The final loss function was a combination of the clustering loss and the reconstruction loss, with hyperparameters λ1 and λ2 used to balance the two losses. The complete clustering procedure involved the collaboration of the optimization module and the automated merging module. After obtaining the fused cell representation, initial clusters were generated using a community detection algorithm. These clusters were then evaluated based on the dip-test. Highly correlated clusters were merged together. The optimization process and merging process operated alternately and mutually reinforced each other until no further merging could be done. This automated clustering algorithm eliminated the need for manual parameter configuration and produced high-quality clusters by bringing similar clusters closer and merging them.

How is the performance?

The authors presented the performance comparison between the proposed scUNC method and other baseline methods. The results showed that scUNC consistently outperformed the other methods in various evaluation metrics, achieving first place in 8 out of 12 evaluations and ranking within the top two in 11 of them. The slight decrease in the PUR metric on the SMAGE-3K dataset was attributed to potential class imbalance issues. Their paper also included visualizations of embeddings generated by scUNC and models with removed modules, highlighting the superior dispersion and cluster separation achieved by scUNC.

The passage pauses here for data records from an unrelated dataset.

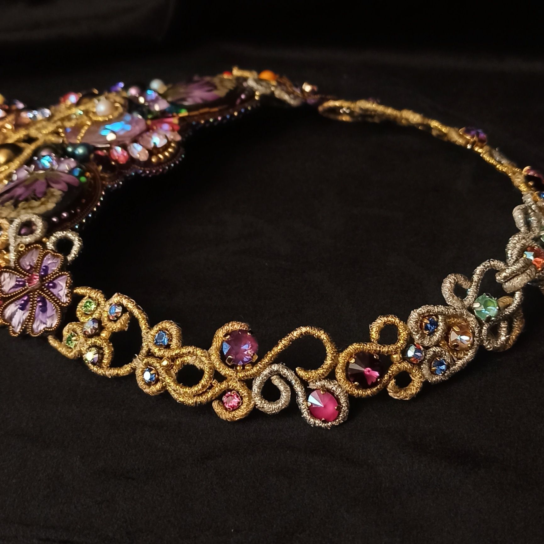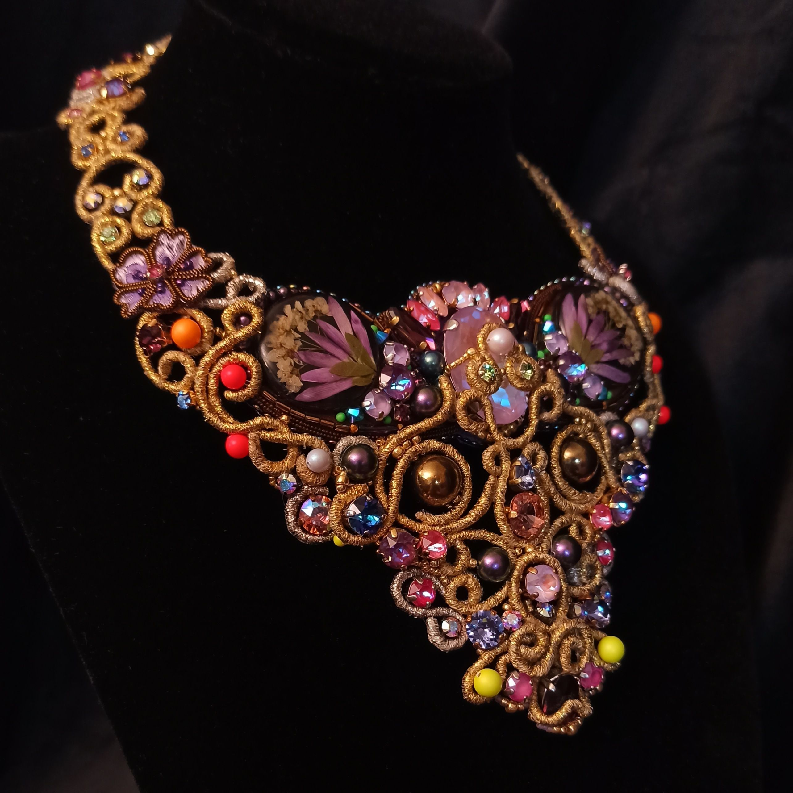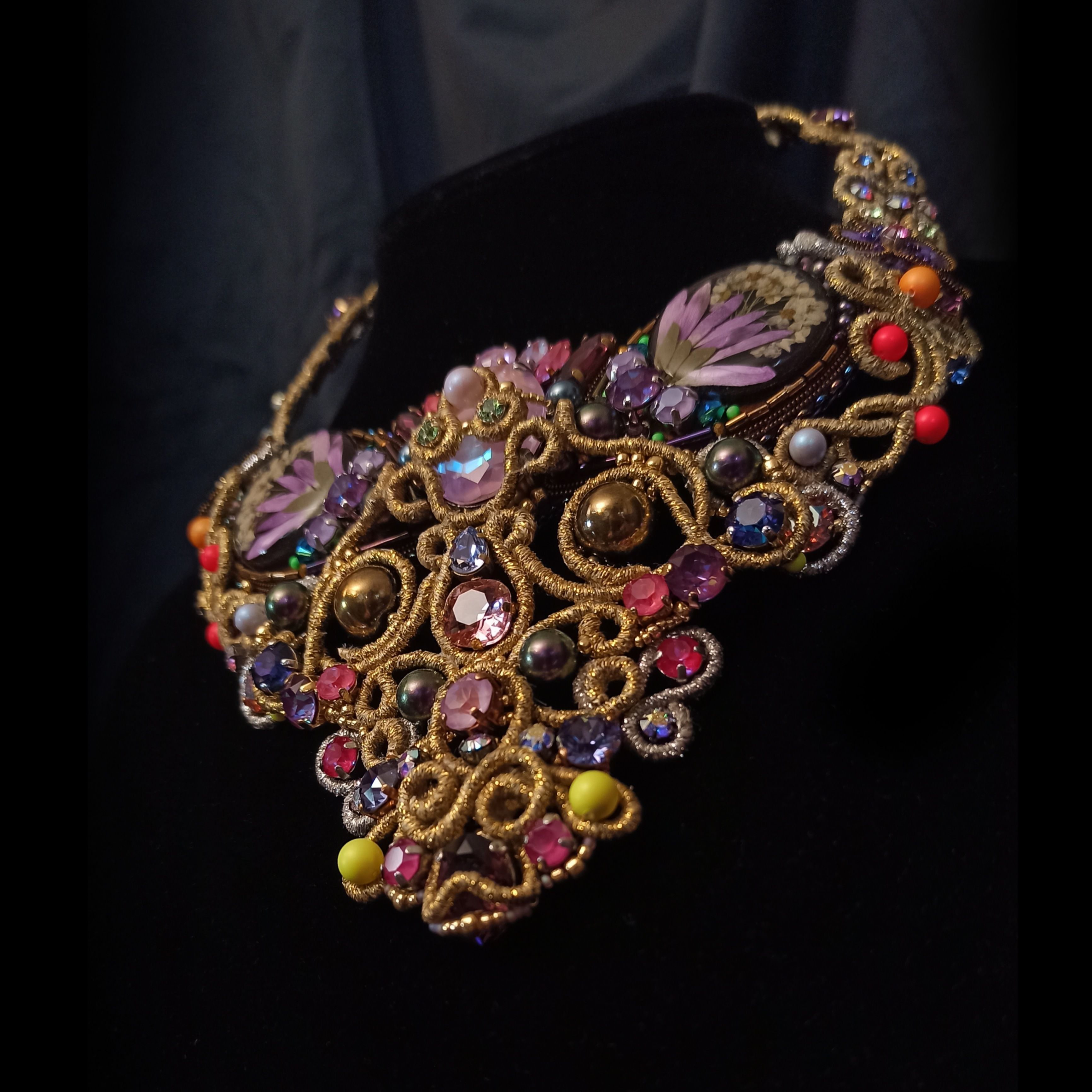 Когда была начата работа над этим колье, я не знала что получу в итоге. Конечно была задумка, эскизы, подбор кристаллов и жемчуга, но перечитывая название темы "Грани Вселенной .evoli" Раз за разом, я всё больше понимала, что хочу чтобы материалы мной "управляли". Глядя на основные цвета я задумалась, что же они означают. Сиреневый олицетворяет творчество, воображение, таинственность. Творческие поиски, открытость к переменам и стремление к развитию. Золотой символизирует солнце, несёт в себе решительность к действиям, бесстрашие, желание выделиться. И я поняла  что всё сходится! Именно в таком настроении я и пребывала, в поиске новой грани в себе, в решительности создать что-то необычное. Шаг за шагом, завиток за завитком, мысль за мыслью.. Так и появилось колье "Моя Вселенная". Его создание напомнило мне о том что граней великое множество не только в кристаллах, а в нас самих.. Каждый из нас и есть целая  многогранная Вселенная. Такая разная, неповторимая, глубокая.. Это колье о том, что внутренний мир огромен и прекрасен, о любви, о вдохновении, о мечтах, о возможностях...
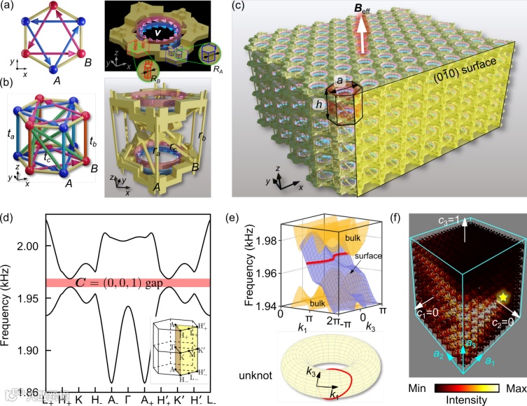 图2. 陈矢量为C=(0,0,1)的三维声学陈绝缘体。(a) 二维Haldane模型及其对应的声学结构,以及(b)其三维拓展;红色和蓝色箭头分别代表环形气流的方向;(c) 所构造的三维声学陈绝缘体示意图。(d) 体能带;(e)
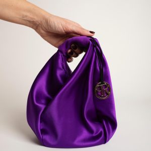 Bolso mini estilo pañuelo en satinado morado. Lleva mango en piel de cabra morado.
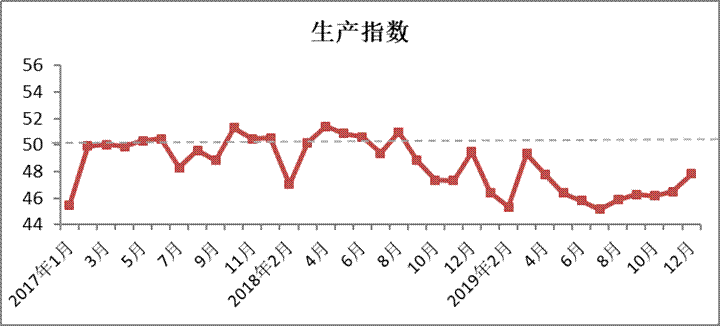 12月原料庫存指數(shù)47.64,與11月相比上升1.25。跟蹤企業(yè)數(shù)據(jù)顯示,12月原棉庫存環(huán)比增加3.79%,化纖短纖庫存環(huán)比下降0.32%。本月美國農(nóng)業(yè)部下調(diào)2019/20年度全球棉花產(chǎn)量預(yù)期、中美第一階段經(jīng)貿(mào)協(xié)議文本達(dá)成一致、儲備棉開始輪入、鄭棉期貨大幅上漲等因素推動國內(nèi)外棉價上漲。國內(nèi)紡企采購以剛需為主,也有部分紡企為夏季訂單提前準(zhǔn)備原料,適量補(bǔ)庫?;w方面,化纖短纖價格總體呈下降趨勢,尤其是粘膠短纖價格大幅下跌,紡企以持幣觀望為主,謹(jǐn)慎采購。
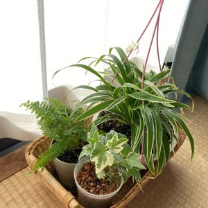 おうちで楽しむ用のBOX。 オリヅルラン?は最近の日差しで少し葉焼けしてしまったので、カーテン越しに置いてみました!
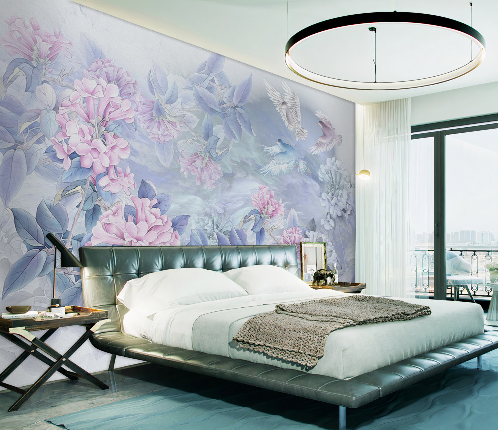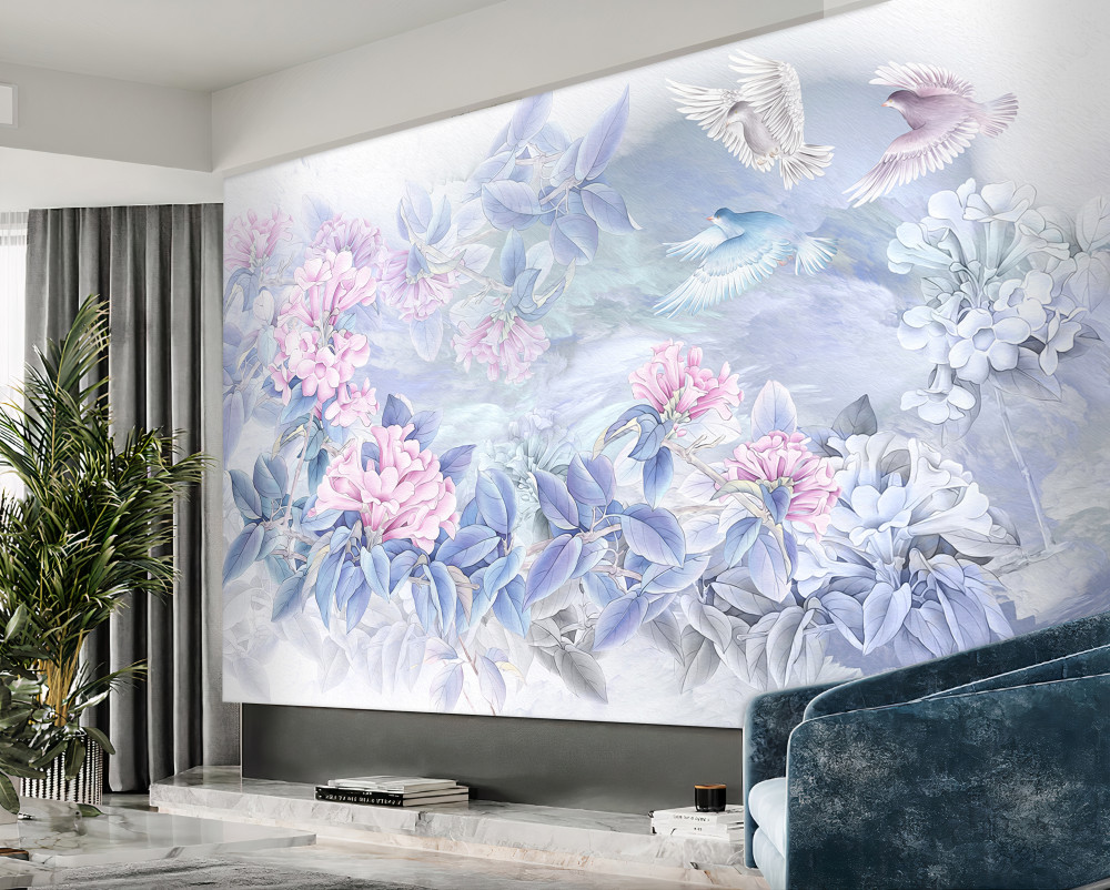 Tapeta Fototapeta niebieskie gałęzie z kwitnącymi różowymi kwiatami (artykuł a93324 ) z kategorii Fototapety 3D
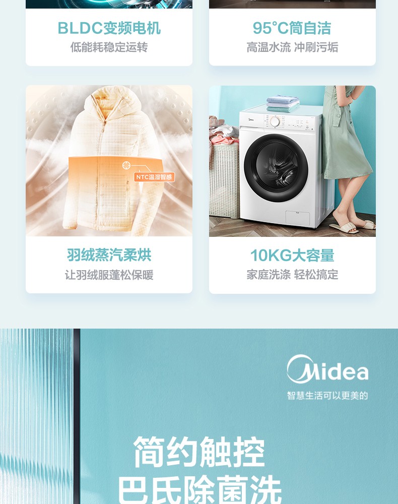 【臻实惠】美的(Midea)10公斤滚筒洗衣机全自动家用洗烘一体机 智能变频大容量 羽绒蒸汽柔烘干低噪以旧换新 MD100V11D
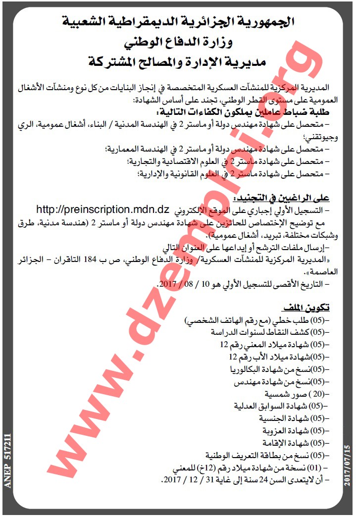 إعلان توظيف في مديرية الإدارة والمصالح المشتركة وزارة الدفاع الوطني جويلية 2017 المناصب المفتوحة: طلبة ضباط عاملين إعلان توظيف في مديرية الإدارة والمصالح المشتركة وزارة الدفاع الوطني جويلية 2017
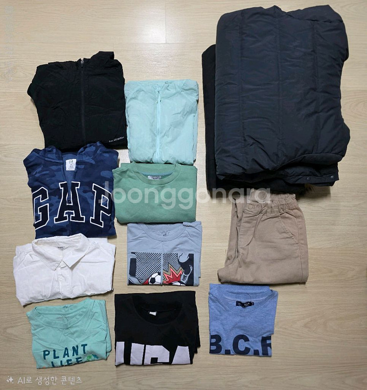 남아 옷 150~160 정도 사이즈 입니다. 일괄 택포 3만 5천원( 덤 포함 12가지 옷) 입니다. * 안심결제 불가, 계좌이체 거래 가능합니다.* 아이 혼자 입어 깨끗한 편입니다. 전체적으로 깨끗하나 2가지의 옷에 약간의 흠 있는 건 사진에 올렸습니다. 침고하세요. * GAP kids(XXL) 기모 후드 집업: 거의 새것 실착용 1회 * 탑텐 키즈 검정색 봄 점퍼(160): 상태 좋음. * 탑텐 민트색 여름 점퍼(160): 왼쪽 소매 약 2~3cm 꿰맨 자국 있으나 거의 표 안남. * 폴햄키즈 기모 티셔츠( 160): 상태 좋은 편 * 긴팔 흰색 셔츠(145): 상태 좋음 * 탑텐 키즈 기모 베이지 바지(160): 상태 좋음. * GAP Kids(XXL) 반팔 티: 상태 좋음. * 밀레 키즈 다운 롱 점퍼(150): 왼쪽 팔 안쪽에 약 0.2mm 2개 정도의 약간의 흠집 보임(자세히 보아야 보임) * 네파키즈 블랙 다운점퍼: 블랙 특성상 약간의 색바람 보임, 세컨드 점퍼로 부담없이 입히기 좋음. * 덤: 반팔 티셔츠 2개, 긴팔 티셔츠 1개 * 교환 및 환불 안됩니다. * 택배 포함 가격입니다. * 구매 원하시면 채팅 연락주세요.(안심결제 불가)
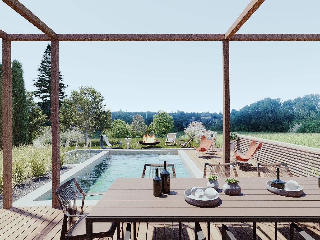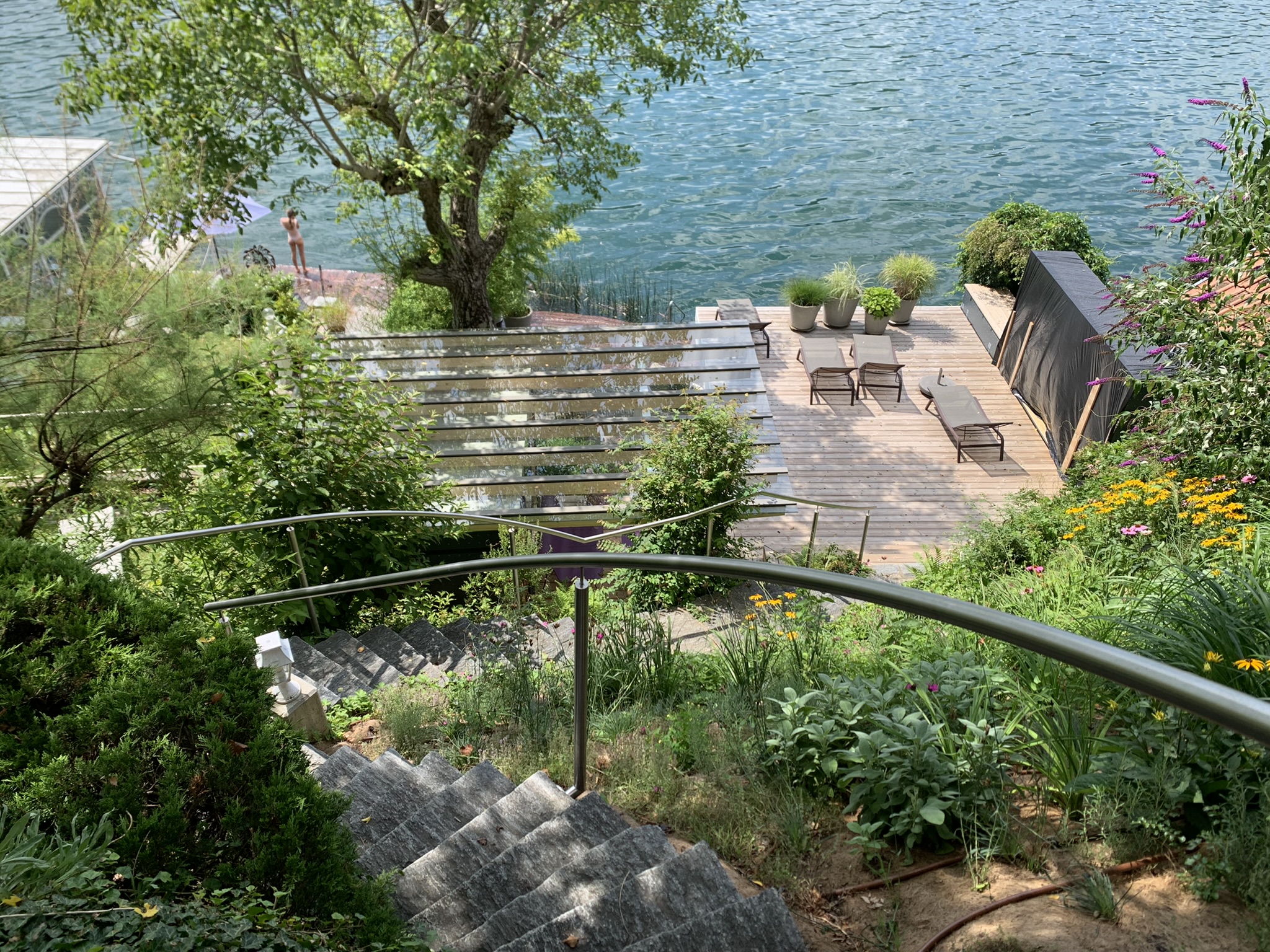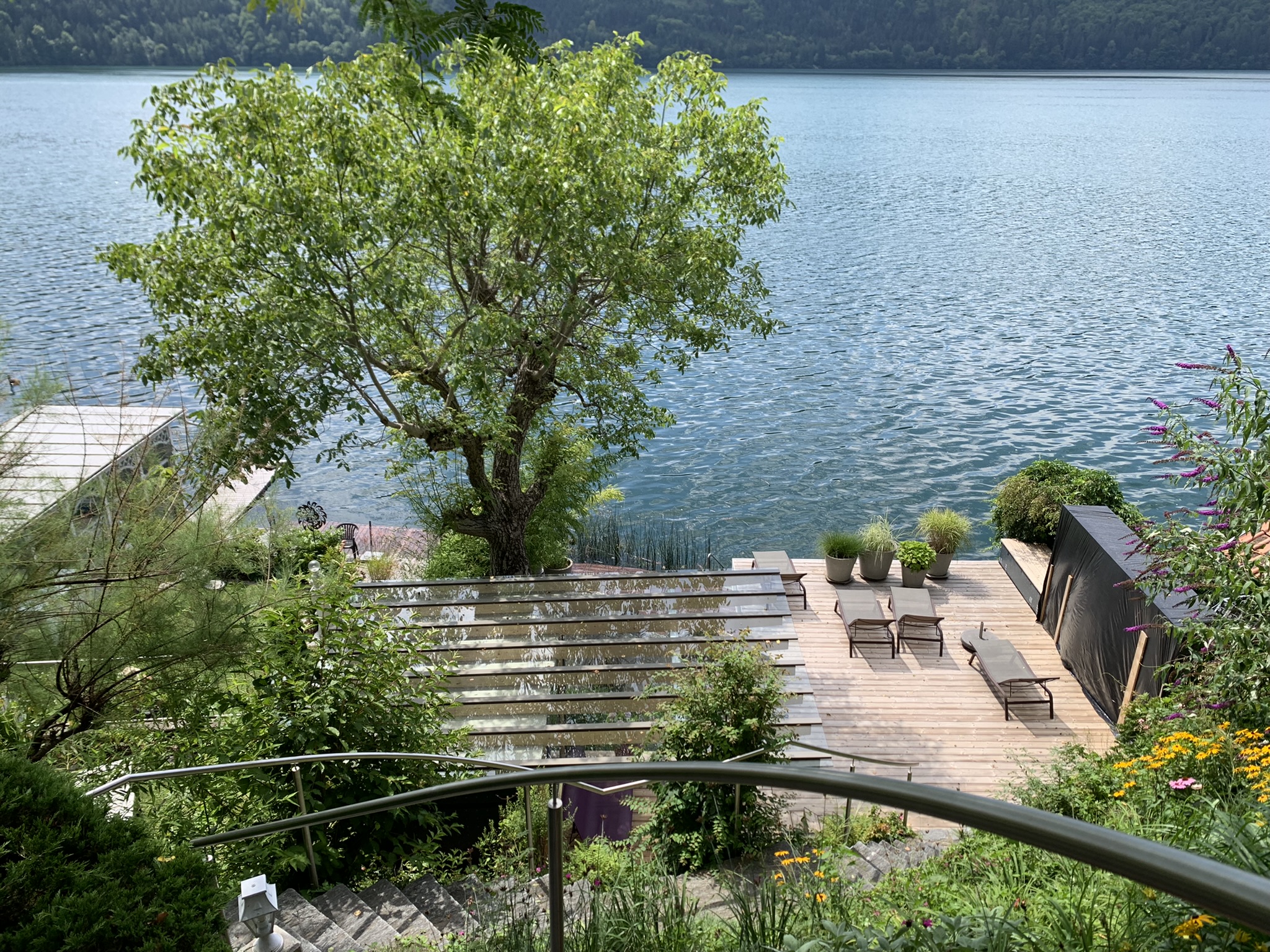 Wir entwerfen die Terrasse, das Bootshaus und die Uferzone neu, wobei so viel wie möglich vom Original erhalten wird, und dennoch alles transformiert und nun wieder hochwertig erscheint. Neue Zonen wie der “Tel Aviv Beach”, die Sauna und eine Außenküche sowie eine Sonnenterrasse enstehen. Ein und Ausblicke werden sanft und elegant umgelenkt. Die südlich exponierte Hangbepflanzung komplett neu angedacht (mit Hilfe des Biologen Dr. Gerald Navara), frisch, hell und leicht mediteran angehaucht. Opulente, kitschige Geländer werden entfernt bzw teilweise neu designed.

To validate the effectiveness of the proposed modules, the paper conducted ablation experiments on two sets of model variants. The results showed that all three modules (CVFN network, clustering loss, and reconstruction loss) contributed significantly to the overall performance of scUNC. Removing any of these modules led to a decrease in performance, indicating their importance in optimizing the model. Additionally, another set of ablation experiments verified the performance enhancement provided by the automatic merging module. The results demonstrated that the merging module greatly improved clustering performance, emphasizing its critical role in the scUNC model.

Furthermore, the paper evaluated the generalization capabilities of scUNC on a non-cellular multi-view dataset and compared it with other competing methods designed for single-cell data. The results showed that scUNC achieved excellent performance on the non-cellular dataset, demonstrating its strong generalization capabilities and potential for extension to various scenarios.

In conclusion, the scUNC model presented in the paper was a No-K MVC framework tailored for single-cell data. It effectively addressed the information richness disparity between different cell views and incorporated automatic clustering and merging modules. Extensive experimental results validated the superiority and generalization capabilities of scUNC in both single-cell and non-cellular data. The paper also analyzed hyperparameters, convergence, and stability of the scUNC model, providing further insights into its performance and effectiveness.